Croydon latest borough to reject private waste contractors over quality and cost issues

Waste Collection. Pic: Zibik

Croydon has become the latest London borough to end its waste collection contract with a private provider after concerns about quality and cost and is expected to bring the service back in-house.

The number of in-house waste collection arrangements has doubled over the past 10 years in London, data shows. Almost half of London boroughs have now insourced their waste collection and street cleaning services, over concerns about quality and cost of external contractors’ performances. 

Last month, Croydon, Merton, Sutton and Kingston, who are all members of the South London Waste Partnership, separately decided not to renew their waste collection contracts with Veolia. They are currently consulting residents on the future of their waste management and considering bringing their services in-house.

Waste collection service providers, data visualisation. Map: Livia Giannotti
Waste collection service providers, data visualisation. Map: Livia Giannotti

John Haynes, communications advisor for the SLWP, told Eastlondonlines that the contracts will not be renewed because of the increased costs proposed by Veolia. Residents also voiced concerns over decreased quality in their services. The boroughs are now considering other options, “including in-house arrangements”. He said: “You can outsource the delivery of a service, but not the responsibility”.

In the past 10 years, seven Labour-led councils decided to bring their waste collection and street cleaning services in-house. 

All of them told ELL that the choice to bring cleaning services to the public sector was made for more flexibility, cheaper costs and better performances.

In 2019, when Redbridge council broke “free” from their old contract and brought the service in-house, council leader Jas Athwal said: “We’ve cut out the middleman, saving taxpayer money while improving the service for local people & conditions for staff.”

“Bringing our waste management back into public sector control will hugely improve our service while guaranteeing better working conditions and pay for our staff and reducing costs for the taxpayer.”

Hackney Councillor Rebecca Rennison, whose council brought waste contracts in-house in 2013, said: “Residents want to see their Council services run by local, committed public servants that understand their community and can respond quickly in a crisis – not unaccountable private companies.”

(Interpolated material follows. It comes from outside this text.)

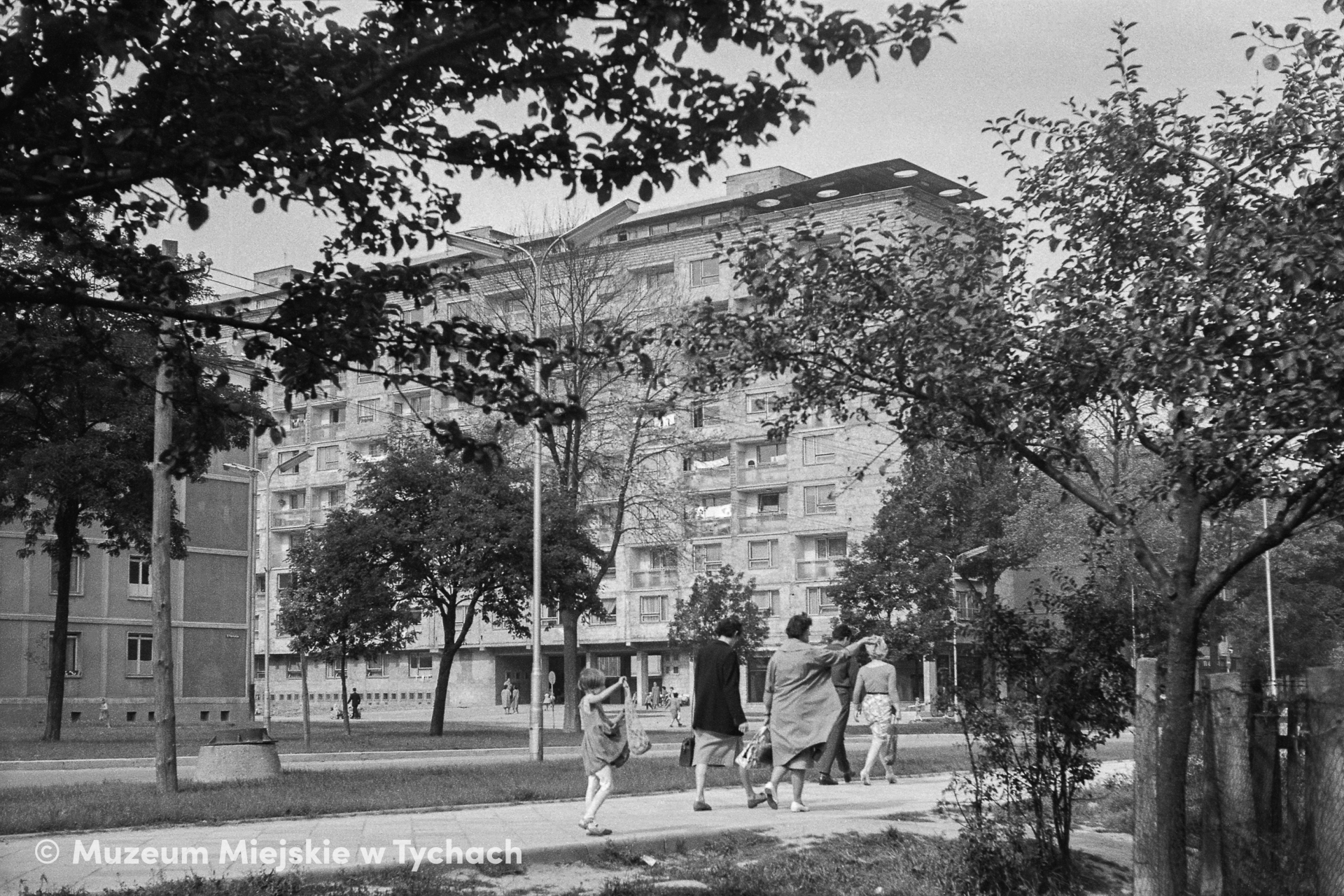 One of the first high-rise residential buildings in the city. A view from Paprocańska Street (Rewolucji Październikowej Avenue from 1968, now Niepodległości Avenue).

Insourcing arrangements have been the Labour-led councils’ priority over the last 10 years. In 2019, Labour MP Andrew Gwyne presented a report to make insourcing “the new normal” and to ensure council services are operated in the “interests of the public”, he said. Boroughs, such as Islington, also adopted an “in-house by default” policy to have direct control and management over council services and guarantee “quality and value”.

ELL found that not only councils, but also residents of boroughs with in-house waste arrangements, are generally more satisfied with services than residents in areas where external contractors operate.

In Ealing, where the Council took over waste management in 2020, a report showed that “complaints about waste collections have dropped dramatically” by more than 50 per cent for waste collection, and 21 per cent for street cleaning services.

A Lewisham Council spokesperson told ELL: “We are very proud to have an in-house waste collection service in Lewisham which delivers excellent value for money to the Council and a fantastic service to our residents”. Harry Rodgers, a 27-year-old Lewisham resident said: "I find Lewisham offers pretty good waste collection. It's really convenient being able to just leave the bins outside, and the fact they offer free bin bags for recycling and for general waste makes me feel some value for money from paying my council tax. I also like that they are collected daily, and it's rare [to see] bags on the street.”

Veolia did not respond to requests for comment.